▶ **Your task**:
From the line that contains "Boucles D’oreilles Puces" down to the last line of the data below, restate every line word for word, skipping any images.

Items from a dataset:
■ ■ ■ ■ ■ ■ ■
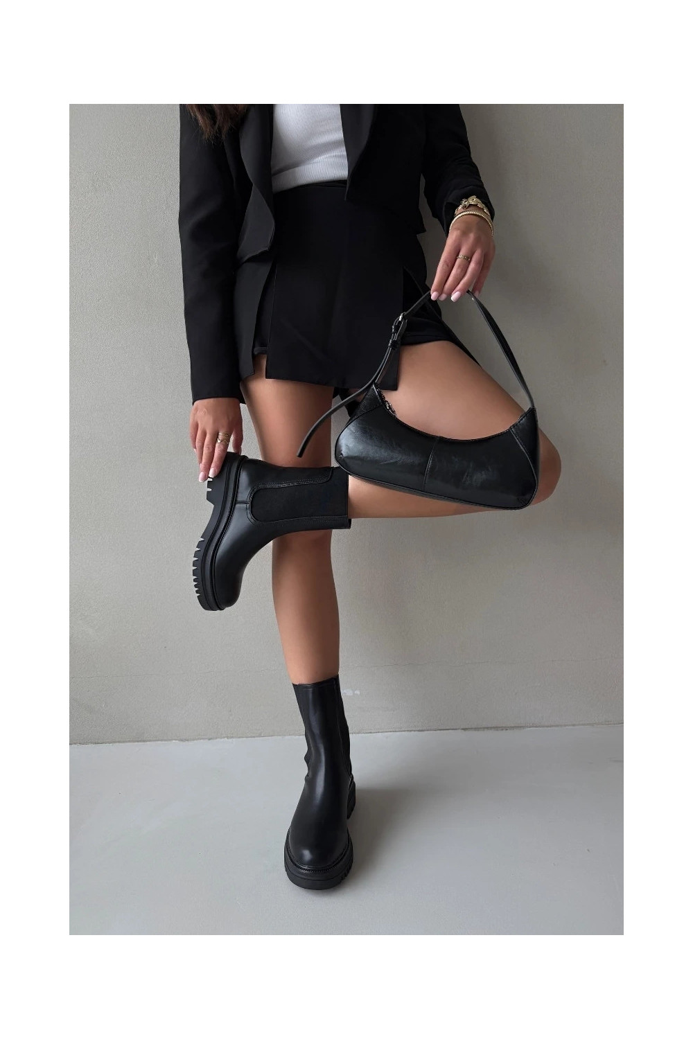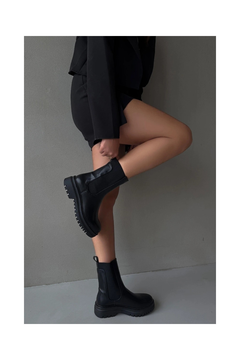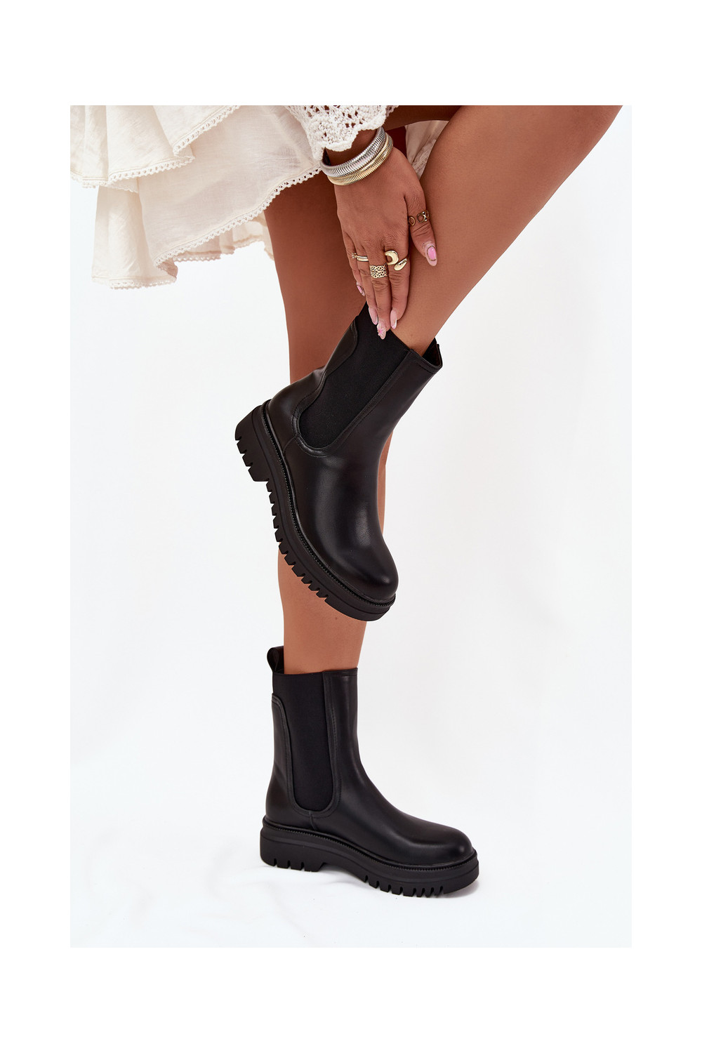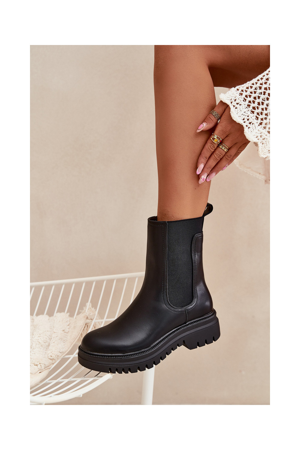 Stiilsed naiselikud saapad platvormiga ja madala kontsaga, sisseastumiseks mudel, musta värviga Ravessa
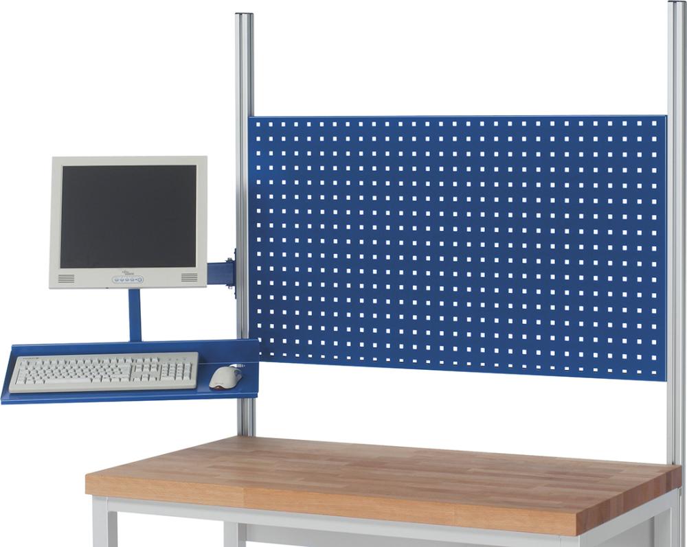• Aufnahmeplatte (neigbar): mit 2 Bohrbildern (VESA MIS-D 75/100) • Tablar (neigbar und höhenverstellbar): für Tastatur und Maus • Schwenkarm mit 3 Gelenken • Geeignet für alle Feldbreiten • Belastbarkeit: max. 15 kg • Montage an: Systemstützen (allseitig)
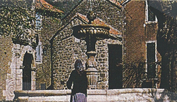 The Templars built the north wing, including a Romanesque Church and the granary tower but the Hospitallers expanded the village in the 15th Century adding a good deal of charm to the austere walled town. The church was typically dark with a single aisle to the alter but the sunny and beautiful plaza beckoned. Passing a lovely stairwell, we walked to the only open side of the plaza where we looked over the low wall and down the valley to the surrounding hills, Some Commanders and soldiers stabled their horses at the nearby site La Cavalerie while residing (with families?) in Sainte Eulalie.
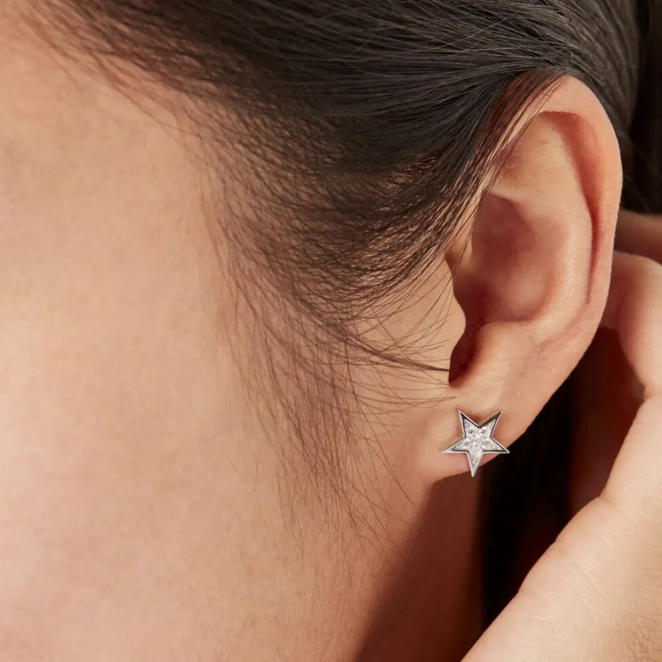 Boucles D’oreilles Puces Argent Blanc 925/1000 Etoiles Pavage Oxydes De Zirconium
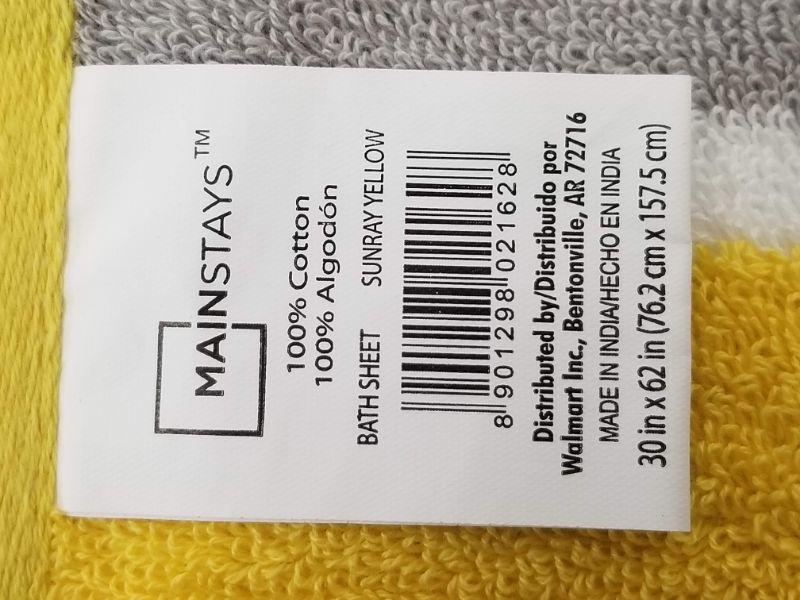Mainstays Performance Bath Sheets - 30"x 62", Sunray Yellow, Qty 2 - New
■ ■ ■ ■ ■ ■ ■
▶ **Written response**:
 Boucles D’oreilles Puces Argent Blanc 925/1000 Etoiles Pavage Oxydes De Zirconium
Mainstays Performance Bath Sheets - 30"x 62", Sunray Yellow, Qty 2 - New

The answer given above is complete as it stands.